Some advertisers are already taking the bait. To promote its recent film "The Wolverine," Twentieth Century Fox this month began a Snapchat account for the adamantium-clawed superhero where it reveals details about the character's past in short bursts.
"Right now, people think of Snapchat as either a very personal messaging tool or something that's a little bit more risqué," says Mark Pytlik, CEO of New York-based digital ad agency Stinkdigital.
Mr. Pytlik hasn't seen any demand from his clients wanting to run campaigns on Snapchat and thinks most marketers will be turned off by the ephemeral nature of Snapchat messages because "branding is about building a long-term message," he says.
Snapchat took a step toward bringing marketers on board in October, when it began offering a new tool to link together a series of snaps into a story.

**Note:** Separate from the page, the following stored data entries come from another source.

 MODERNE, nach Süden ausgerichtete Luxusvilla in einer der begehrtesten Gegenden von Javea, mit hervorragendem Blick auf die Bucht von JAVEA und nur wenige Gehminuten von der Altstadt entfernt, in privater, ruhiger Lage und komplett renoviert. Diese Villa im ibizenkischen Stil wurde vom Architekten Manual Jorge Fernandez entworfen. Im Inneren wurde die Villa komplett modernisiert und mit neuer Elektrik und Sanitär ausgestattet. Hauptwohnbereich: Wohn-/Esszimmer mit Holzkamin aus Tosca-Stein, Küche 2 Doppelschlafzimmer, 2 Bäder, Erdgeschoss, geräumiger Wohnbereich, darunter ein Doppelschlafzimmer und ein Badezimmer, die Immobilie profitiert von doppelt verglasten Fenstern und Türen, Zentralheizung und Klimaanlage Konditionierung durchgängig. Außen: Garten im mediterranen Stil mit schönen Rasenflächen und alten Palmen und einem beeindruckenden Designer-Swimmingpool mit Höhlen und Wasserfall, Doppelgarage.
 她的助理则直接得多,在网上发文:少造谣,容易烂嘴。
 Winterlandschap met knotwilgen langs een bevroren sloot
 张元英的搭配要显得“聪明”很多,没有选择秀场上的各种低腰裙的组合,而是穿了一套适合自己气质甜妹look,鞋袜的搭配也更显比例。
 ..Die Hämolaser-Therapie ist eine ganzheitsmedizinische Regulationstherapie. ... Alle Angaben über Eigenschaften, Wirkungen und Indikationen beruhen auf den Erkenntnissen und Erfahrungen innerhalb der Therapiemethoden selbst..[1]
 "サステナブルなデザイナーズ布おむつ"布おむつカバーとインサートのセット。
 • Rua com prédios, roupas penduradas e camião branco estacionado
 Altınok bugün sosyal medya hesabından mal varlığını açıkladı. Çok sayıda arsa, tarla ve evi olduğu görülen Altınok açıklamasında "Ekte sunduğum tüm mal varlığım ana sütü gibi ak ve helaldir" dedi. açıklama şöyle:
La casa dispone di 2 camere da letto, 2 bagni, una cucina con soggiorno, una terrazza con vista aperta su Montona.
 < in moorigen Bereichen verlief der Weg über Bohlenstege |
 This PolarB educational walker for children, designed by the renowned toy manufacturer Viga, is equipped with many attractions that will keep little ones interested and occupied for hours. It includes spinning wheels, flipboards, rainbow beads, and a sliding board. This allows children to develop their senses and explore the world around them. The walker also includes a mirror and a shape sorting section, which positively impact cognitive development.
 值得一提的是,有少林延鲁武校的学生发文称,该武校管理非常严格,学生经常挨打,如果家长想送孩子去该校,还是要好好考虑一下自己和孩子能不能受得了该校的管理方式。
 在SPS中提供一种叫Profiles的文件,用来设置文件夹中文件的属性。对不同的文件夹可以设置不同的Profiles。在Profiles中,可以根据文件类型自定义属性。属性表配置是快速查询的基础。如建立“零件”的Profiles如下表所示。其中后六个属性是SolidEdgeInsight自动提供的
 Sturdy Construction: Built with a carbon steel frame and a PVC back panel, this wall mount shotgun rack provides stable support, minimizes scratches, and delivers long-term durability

But the company has yet to offer any formal program for advertisers or discuss any plans to charge marketers.
Snapchat may be today's darling but the risk is that as the market for mobile apps matures, Snapchat could just be one of many.
Benedict Evans, an analyst at Enders Analysis, says the mobile app market for acquirers like Facebook is becoming a fierce game of whack-a-mole. He predicts more young apps will achieve Snapchat's velocity because it is becoming easier and easier for mobile apps to scale as the number of smartphone users grows.
"There are going to be a dozen companies that look something like this, and Facebook can't buy them all," said Mr. Evans.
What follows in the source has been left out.